# Magia General > Vídeos sobre magia >  Magia de Halloween!

## AleAGermanotta

Hola amigos, pues vengo a dejarles este video, me gusta mucho, es una version que modifique un poco, de "Aprende magia con Juan Tamariz" y la hice un poco mas "tenebrosa" ESPERO QUE LES GUSTE!  :666: 




*LINK:*
Magia de Halloween. - YouTube

----------


## Iban

Alejandro, excelente contador de historias. :-)

(Pero ojo con lo que se dice: el infinito sí se puede "definir", lo que no se puede es "concebir").

Muy bien por hacer participar a los espectadores.

----------


## Darkman

De los videos tuyos que he visto, me parece el mejor presentado. Enhorabuena.

----------


## Aminoliquid

Muy bien cuidado esos detalles para crear ambiente.La verdad que me ha gustado Alex,como dice Darkman,de los mejores vídeos que he visto tuyos.Solo un apunte y es que esa mesa está pidiendo un calzo debajo de su pata izquierda delantera :001 302: 

¡¡Saludos y enhorabuena!

----------


## Marvel

Me gustó. La ambientación está muy conseguida.

Voy a dar unas impresiones mias en cuanto a como le podrías haber dado un toque extra:
-Pienso que para la magia a través de un video, en la que haces partícipe al espectador, la forma de referirse a este debería ser en singular, no en plural. Mi sensación al ver el video es que yo estoy solo en casa, contigo a través de la pantalla, y me hablas como si fuéra un grupo. 
Sobretodo en este caso, el hacerme sentir un poco más solo presentándome el efecto de tu a tu, pienso que me hubiera dado un toque más de inquietud, que para esta ambientación hubiera venido bien. Daría así la sensación de que has conectado conmigo (la pantalla del ordenador, en cierta manera, estaría haciendo de "espejo" entre ambos) y la revelación final me hubiera dado más impresión.
-No se si es bueno que digas cuantas bolitas coges, porque yo había pensado también en 6, y me dije a mi mismo que ya no hacía falta probar a hacerlo yo, pues ya ibas a hacerlo tu con el mismo número de bolitas.

----------


## Jdharma

Me encanta la ambientación!!! Y por eso la cama detrás me saca un poquitín del ambiente. Es un detallín, tampoco es crucial, pero si puedes simplemente poner una sábana o una manta, algo oscuro en el caso de este tipo de efectos, vas a ganar muchísimo más ambiente con un simple detalle  :Wink1: 

¡Enhorabuena!

----------


## Pulgas

Muy bien, Alejandro, Muy bien creado el clima y bien tratado el juego.
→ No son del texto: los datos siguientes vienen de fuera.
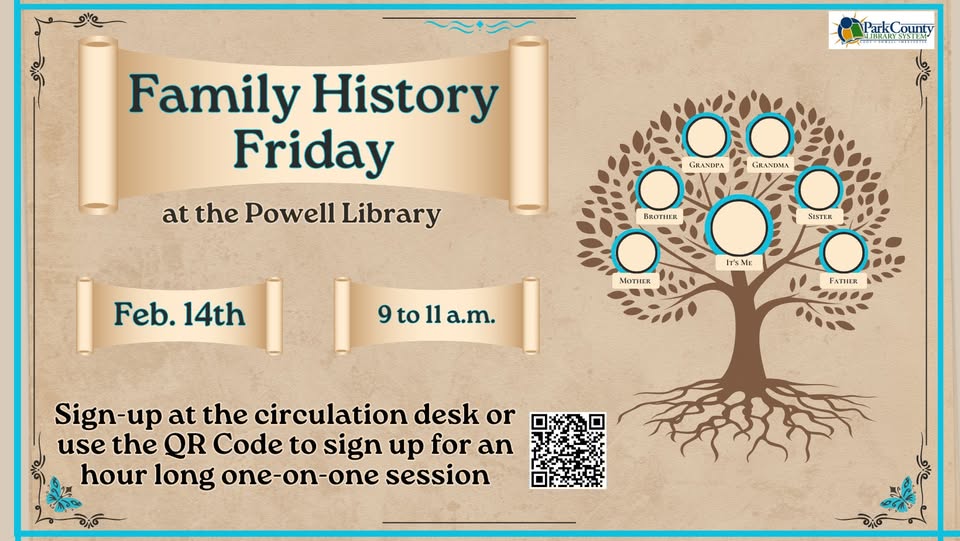 If so, the Powell Library has openings for Family History Friday on February 14th. Appointments may be made between 9 and 11 a.m. for an hour long one-on-one session with Larry and Maureen Akin!

Antes de darte mi parecer sobre algunas cosillas que he visto, me gustaría debatir sobre algún aspecto que ya te han comentado.

*¿Tú? ¿Vosotros? ¿Singular o plural?*
Creo que depende de la pretensión del canal. Si lo que se busca es la exhibición del juego, que la gente lo vea en casa, entonces puede ser mejor el tú, el singular.
Si con el vídeo se pretende hacer un ejercicio de ensayo, someterlo a la opinión de otras personas para prepararlo mejor a la hora de hacerlo público (en una actuación con público real), entonces, sin duda, el plural, porque habrá más gente y es bueno que nos acostumbremos a ello.
Pero, en ese caso, echo de menos más miradas a otras personas, que no te enceles con la cámara porque cuando actúes habrá mucha más gente.
(Como nos hablas de poner pausa en el vídeo y cuestiones similares, he de suponer que es un trabajo pensado para internet)
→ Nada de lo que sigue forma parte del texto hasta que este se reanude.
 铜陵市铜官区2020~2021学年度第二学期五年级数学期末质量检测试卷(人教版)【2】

*Pequeños detalles sobre el juego.*
En general me ha gustado bastante, pero, como sabéis que soy quisquilloso, no termina de convencerme la relación espejo-inifinito. No, porque las alusiones posteriores al espejo son flojas. Jugamos con un elemento que no está reconociendo la verdad de lo que sucede: quitamos objetos de un montón, los ponemos en el otro y desaparece la imagen especular.
Cierto que en el inicio se ha comentado que el espejo puede tener una vida diferente a la habitual, que se ha dicho que puede aparecer alguien detrás o que una persona puede no reflejarse, pero... No sé (es una tontería y una manía mía) pero no termina de convencerme.
A medida que te veía hacer el juego, más que un espejo yo me imaginaba otra dimensión. Veía un marco pequeño de cuadro (sólo el margen) y pasar los objetos (las alubias) a través de él. Un elemento físico, real, con poderes extraordinarios...
No sé, ya te digo que es sólo una opinión subjetiva y que aquí, más que nunca, para gustos, los colores.

*El final.*
Creo que aquí si merece la pena hacer mayor fuerza. Hay que recalcarlo más, hay que enfatizarlo. Es el final, y resulta sorprendente que todo el mundo tenga el infinito. Por eso me gustaba la idea del marco, porque así, si mi papel tiene las mismas dimensiones que el marco, lo puedo colocar ahí y dejarlo al frente de la mesa. De esa manera mantengo la estética misteriosa del juego y aumento el clímax final.
El marco me lo imaginaba parecido al de la ilustración que te adjunto.

Poco más que añadir. ¡Enhorabuena y a seguir currando!

----------


## Darkman

Es un placer leerte,  Fernando. ¡Qué gustazo conocer a personas que se toman tan en serio la magia! De mayor quiero ser como tú ;-)

----------


## Iban

De mayor serás como él: viejo.

:-D

----------